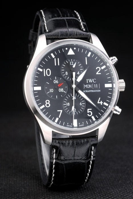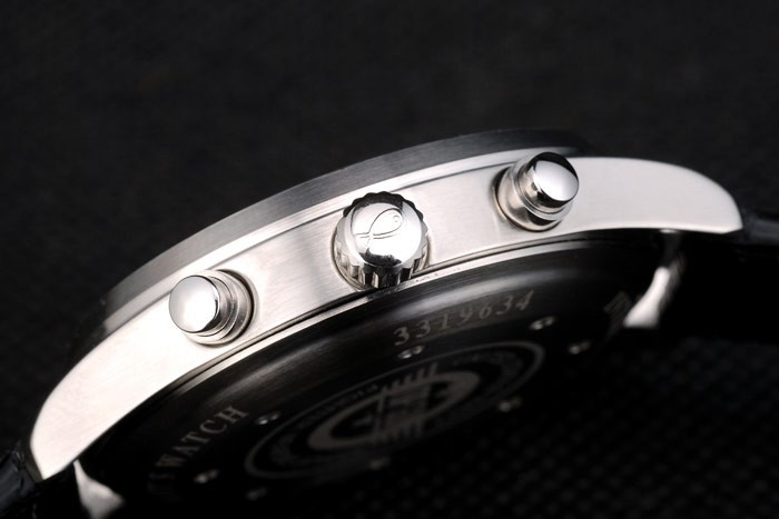 Clasp de relógio: fecho de aleta e coroa: polido de aço inoxidável coroa de aço inoxidável com IWC logotipo gravura e duas coroas de botão redondo menor em ambos os lados dele Espessura do caso: 11 mm
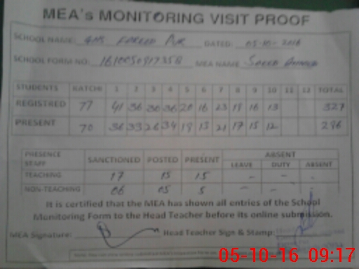 | Certified that this School was Inspected by the Undersigned MEA/DMO Today and the Information Stated Above is as Per Record. | |||||
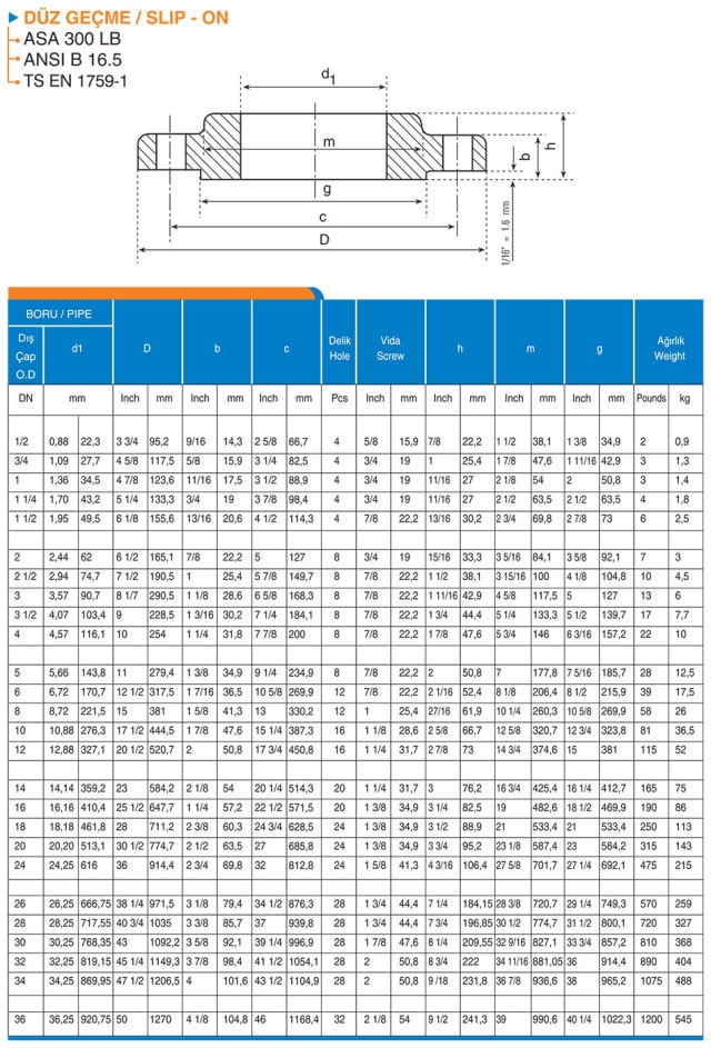 DÜZ GEÇME FLANŞ ASA 300
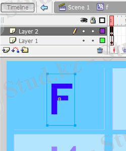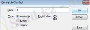8 «Free Transform Tool (Q) » әрпімен біздің тіктөртбұрышты таңдаңыз. Осыдан кейін біз «Movie Clip» жасау үшін «F8» түймесін басып, оны осы ұяшықтағы әріппен атаймыз, ал оның аты «f» болады.
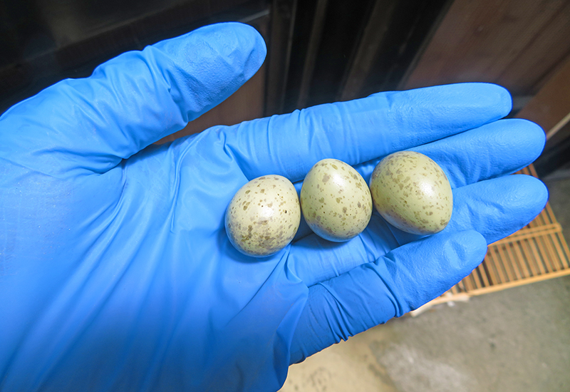 20日後に巣の中を確認しました。最初に4卵あった卵は、原因はわかりませんが3卵に減っていました。回収した卵のうち2卵は有精卵でしたが、残念ながら途中で発生が止まっていました。給餌や個体の確認など職員が必要な作業をおこなっていても、オナガが安心して卵を抱いていられる環境作りが次なる課題となりました。
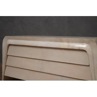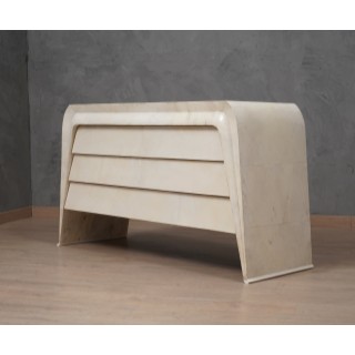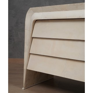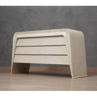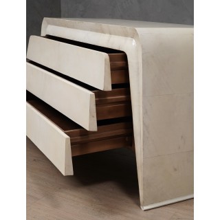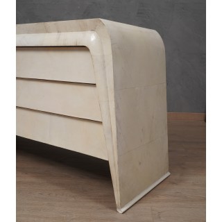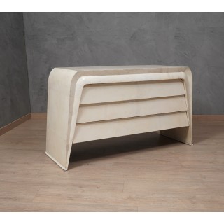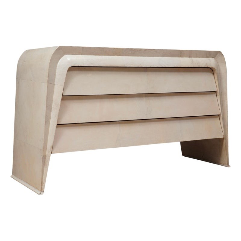 La cassettiera ha un design molto particolare, il suo piano che curva e scende formando il fianco e poi le gambe; Il piano presenta una fascia con una particolare lavorazione che prosegue stringendosi fino alla base delle gambe. Nel corpo centrale sono presenti tre cassetti, questi hanno il frontale inclinato e non hanno maniglie; i cassetti si possano aprire mettendo la mano lungo il bordo inferiore. Il comò è completamente rivestito in pergamena, che ha mantenuto una bella patina, ed è stata poi lucidata molto bene. Misure ( 143 x 52, H 32 ) Inches ( 56 x 20, H 37 ).
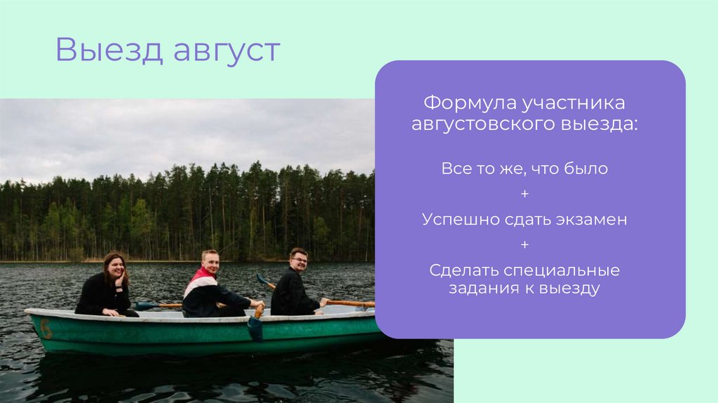 Выезд августФормула участника
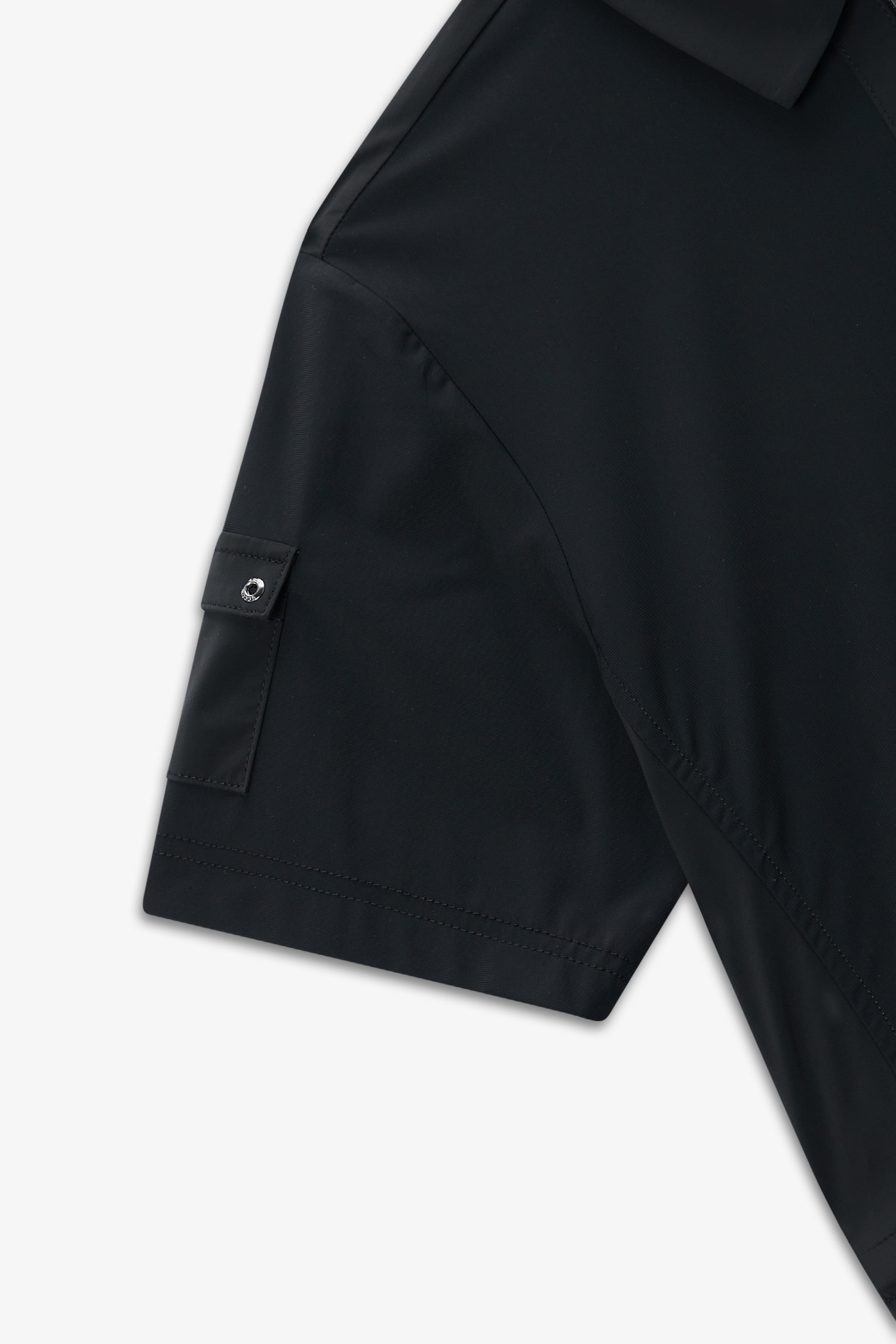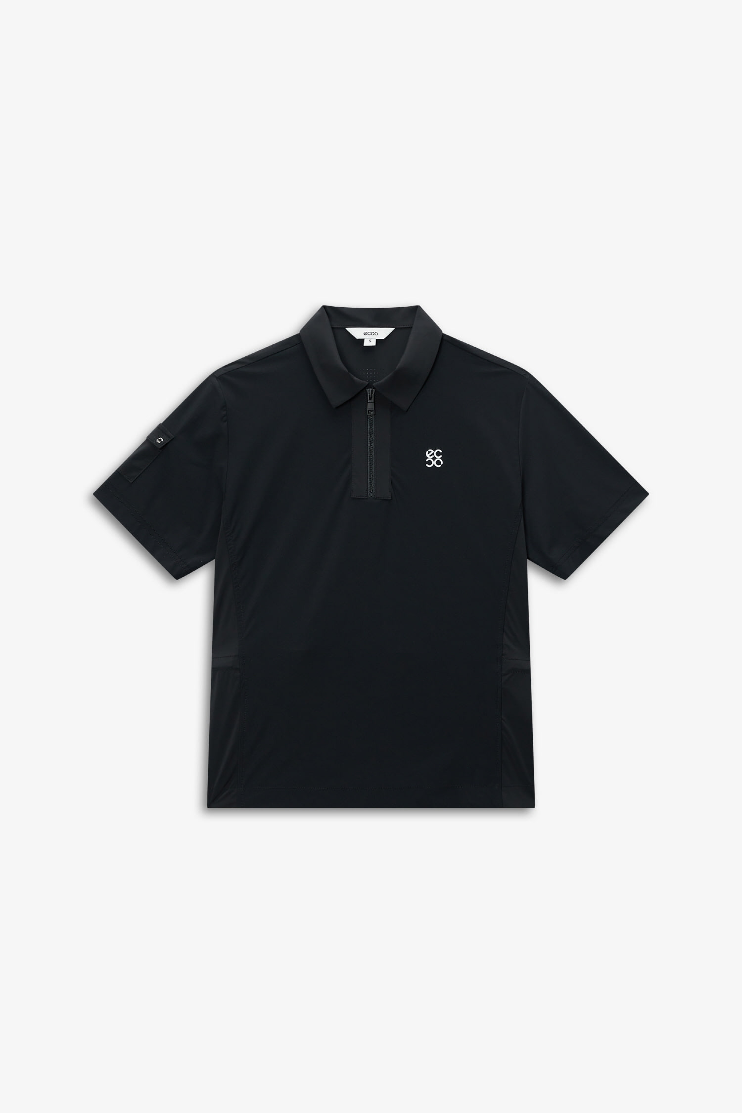 등판 우븐 하이브리드 반팔 카라 티셔츠
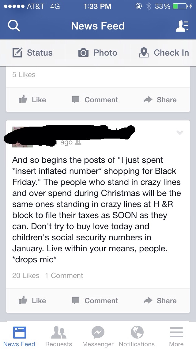 Um, what? Because she certainly knows the details of all of her Facebook friend's finances and tax situations...SMH.
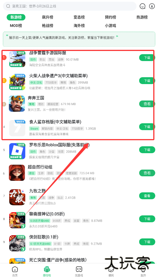 1、打开“新游榜”或“MOD榜”,比如战争雷霆手游国际版或火柴人战争遗产3中文辅助菜单,找到想玩的游戏后。
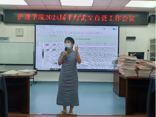 会议开始前,黄洛莹副院长强调了此次论文自查工作的重要性,并对论文检查工作的相关要求进行了详细解读。她表示,毕业论文是检验学生学术能力和学院教学质量的重要环节,必须严格把控。接着,她对自查工作进行了细致的分工,确保每位老师都能明确职责,协同合作。
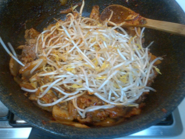 이제 마지막으로 숙주나물을 올려주고 뚜껑을 덮었습니다.
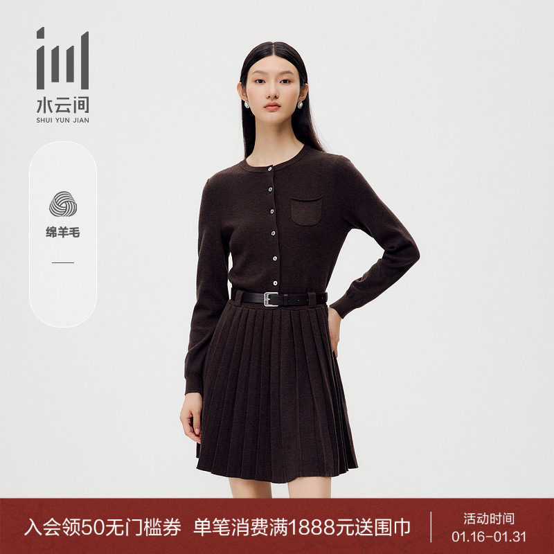 水云间咖色羊毛针织衫连衣裙两件套女a字长裙子内搭毛衣套装2025
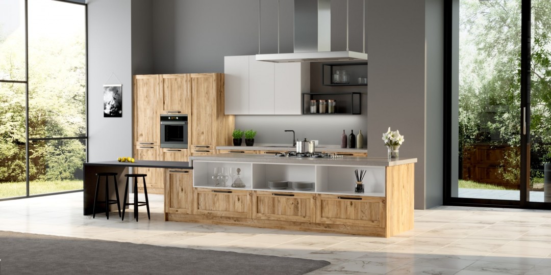 Ahşabın en doğal halinden ilham alan antik çam rengi özel dokulu çerçeveli kapakların, siyah dökme demir aksesuar ve kulplarla bir arada kullanılması, doğadaki karışık dokuların buluşmasını yansıtmaktadır. Mutfağınıza dinginlik katan düz hatlar ve sade tasarım içerisinde gizlenmiş kiler dolapları ve fonksiyonel mekanizmalar daha çok malzemeyi daha az yer ile saklamanıza imkan tanır.

________

Your instructions: Output each line of the listing above, word for word, from the one holding "DÜZ GEÇME FLANŞ ASA 300" through the last line, both included; omit the pictures.

Response to the exercise:
 DÜZ GEÇME FLANŞ ASA 300
8 «Free Transform Tool (Q) » әрпімен біздің тіктөртбұрышты таңдаңыз. Осыдан кейін біз «Movie Clip» жасау үшін «F8» түймесін басып, оны осы ұяшықтағы әріппен атаймыз, ал оның аты «f» болады.
 20日後に巣の中を確認しました。最初に4卵あった卵は、原因はわかりませんが3卵に減っていました。回収した卵のうち2卵は有精卵でしたが、残念ながら途中で発生が止まっていました。給餌や個体の確認など職員が必要な作業をおこなっていても、オナガが安心して卵を抱いていられる環境作りが次なる課題となりました。
 La cassettiera ha un design molto particolare, il suo piano che curva e scende formando il fianco e poi le gambe; Il piano presenta una fascia con una particolare lavorazione che prosegue stringendosi fino alla base delle gambe. Nel corpo centrale sono presenti tre cassetti, questi hanno il frontale inclinato e non hanno maniglie; i cassetti si possano aprire mettendo la mano lungo il bordo inferiore. Il comò è completamente rivestito in pergamena, che ha mantenuto una bella patina, ed è stata poi lucidata molto bene. Misure ( 143 x 52, H 32 ) Inches ( 56 x 20, H 37 ).
 Выезд августФормула участника
 등판 우븐 하이브리드 반팔 카라 티셔츠
 Um, what? Because she certainly knows the details of all of her Facebook friend's finances and tax situations...SMH.
 1、打开“新游榜”或“MOD榜”,比如战争雷霆手游国际版或火柴人战争遗产3中文辅助菜单,找到想玩的游戏后。
 会议开始前,黄洛莹副院长强调了此次论文自查工作的重要性,并对论文检查工作的相关要求进行了详细解读。她表示,毕业论文是检验学生学术能力和学院教学质量的重要环节,必须严格把控。接着,她对自查工作进行了细致的分工,确保每位老师都能明确职责,协同合作。
 이제 마지막으로 숙주나물을 올려주고 뚜껑을 덮었습니다.
 水云间咖色羊毛针织衫连衣裙两件套女a字长裙子内搭毛衣套装2025
 Ahşabın en doğal halinden ilham alan antik çam rengi özel dokulu çerçeveli kapakların, siyah dökme demir aksesuar ve kulplarla bir arada kullanılması, doğadaki karışık dokuların buluşmasını yansıtmaktadır. Mutfağınıza dinginlik katan düz hatlar ve sade tasarım içerisinde gizlenmiş kiler dolapları ve fonksiyonel mekanizmalar daha çok malzemeyi daha az yer ile saklamanıza imkan tanır.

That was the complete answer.